If you've taken an indoor cycling class in the past, you'd probably agree that it's certainly a one-of-a-kind workout. With their perfectly curated playlists and strategically built intervals, it's no wonder that many studios have developed a cult-like following. However, it's not an inexpensive experience.
Although classes can be a great way to stay healthy and meet new people, they can also burn a big hole in your wallet. Luckily, you can build your own indoor cycling workout — either at the gym or at home if you have your own bike.
Video of the Day
How to Structure an Indoor Cycling Workout
While there's no set equation to building the perfect indoor cycling workout, there are a few components every instructor incorporates into each session, says Charlee Atkins, former master SoulCycle instructor and founder of Le Sweat. While classes always start with a warm-up and end with cool down, the middle portion varies, depending on what the instructor wants to emphasize.

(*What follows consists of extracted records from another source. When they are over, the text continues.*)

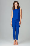Stylish set of sleeveless blouse with extended back and classic trousers with turned-up legs. A simple cut of the blouse and great trousers add self-confidence. Perfect set for an evening or for the city.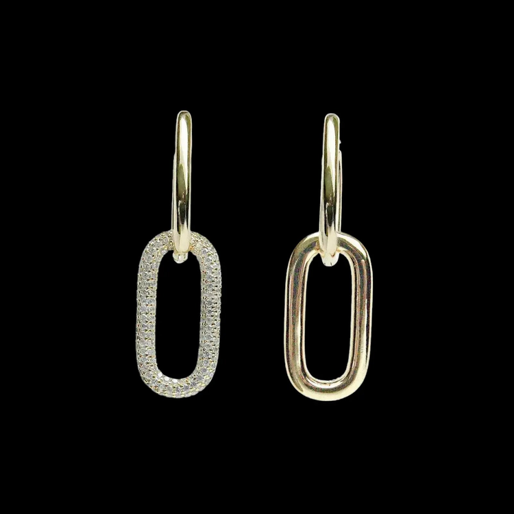 Deze goudkleurige link oorbellen bestaan uit ovale creolen waaronder afneembaar te dragen ovale aanhangers aan de voorkant pavé bezet met zirkonia's. De oorbellen hebben een afmeting van 4.3 x 1.4 cm. Goudkleurige oorbellen zijn een essentiële toevoeging aan je sieradencollectie, en deze oorbellen met zirkonia's voegen een stralend detail toe aan elke outfit. De combinatie van goudkleur en de glinsterende zirkonia's zorgt voor een luxueuze uitstraling, perfect voor zowel dagelijkse draagbaarheid als speciale gelegenheden.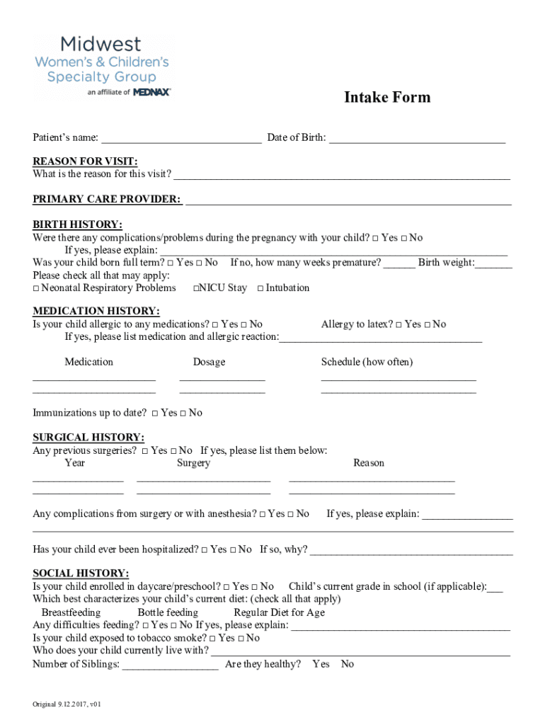 Intake Formations name: Date of Birth: REASON FOR VISIT: What is the reason for this visit? PRIMARY CARE PROVIDER: BIRTH HISTORY: Were there any complications/problems during the pregnancy with your

When you build your own workout, you get to choose what you focus on. On Monday, you may want to work on your endurance, whereas on Thursday, you may want to build a strength-based cycling workout. Here are some things to keep in mind when creating each portion of your workout.
Start With a Warm-Up
Every indoor cycling workout should start with a five- to seven-minute warm-up, Atkins says. Keep yourself reined in during this part — it should feel like a brisk walk or walking up a small hill, not like an all-out spring. Give your body a little resistance to build some heat and lubricate the joints for the work to come, she says.
Add Hills, Sprints and Jogs
The main portion of your indoor cycling workout consists of hills, jogs and sprints. You can incorporate one, two or all three of these, depending on what you're looking to train. For instance, while hills are great for strength building, sprints are perfect for endurance, Atkins says. Use these strategically for your best workout.
To build strength in your lower body (think: quads, glutes, hamstrings and calves), add artificial hills on your bike by increasing the resistance for a certain amount of time (say one to two minutes), followed by an interval of decreased resistance. Your hill should feel like a push or climb.
Jogs can be used for recovery or endurance, says Atkins. Keep a moderate pace, maintaining your elevated heart rate. In general, you should be able to speak in full sentences during a recovery jug. But if you want to use a jog to build endurance, up the pace to just a bit beyond that point.
The sprint is great for training your endurance or power, depending on how much resistance you place on the wheel. To work your endurance, keep the resistance on the lower side and push a faster pace. If you want to build power, keep your resistance a little higher and push the fastest sustainable pace at that level. No matter which you choose, keep your pace challenging (think moderately breathless).
Recover on the Flat Road
Follow your hills, jogs and sprints with an interval of flat road, which is great for recovery or steady-state endurance. Depending on how tired you are after your previous push, you can choose to either back off the resistance and slow the pace or back off the resistance and keep your pace. You can also incorporate flat roads throughout the workout, as needed.
Finish by Cooling Down
Just as you should begin each indoor cycling workout with a warm-up, always end with a cooldown, says Atkins. But whereas your warm-up starts at a slower pace and builds gradually, your cooldown begins at a quicker pace (near where your workout left off) and slows down until you're close to your baseline. Focus on lowering your heart rate and relaxing your muscles as you finish your workout.
Choose Your Music Strategically
You likely already know that the music you choose can make or break an indoor cycling workout. As you're spinning the pedals in coordination with the beat, preparation is key and it's important to create a playlist before you hit the bike.
When building your playlist, search songs by specific beats per minute (bpm). Apps like Spotify allow you to find playlists or songs based on their tempo. With these general guidelines (thanks to Atkins) you can use bpm to structure the intensity of your workout:
- Warm-up: 70 to 85 bpm
- Hill: 90 to 110 bpm.
- Jog: 7o to 85 bpm (Note: You'll want to double-time your pedal pace to 140 to 170 bpm.)
- Sprint: 128 bpm (but double-time your feet to 256 bpm)
- Flat Road: 120 to 125 bpm (pedals moving double-time at 240 to 250 bpm)
- Cool Down: 60 to 85 bpm (Start pedaling at the faster end and slow as the song goes on.)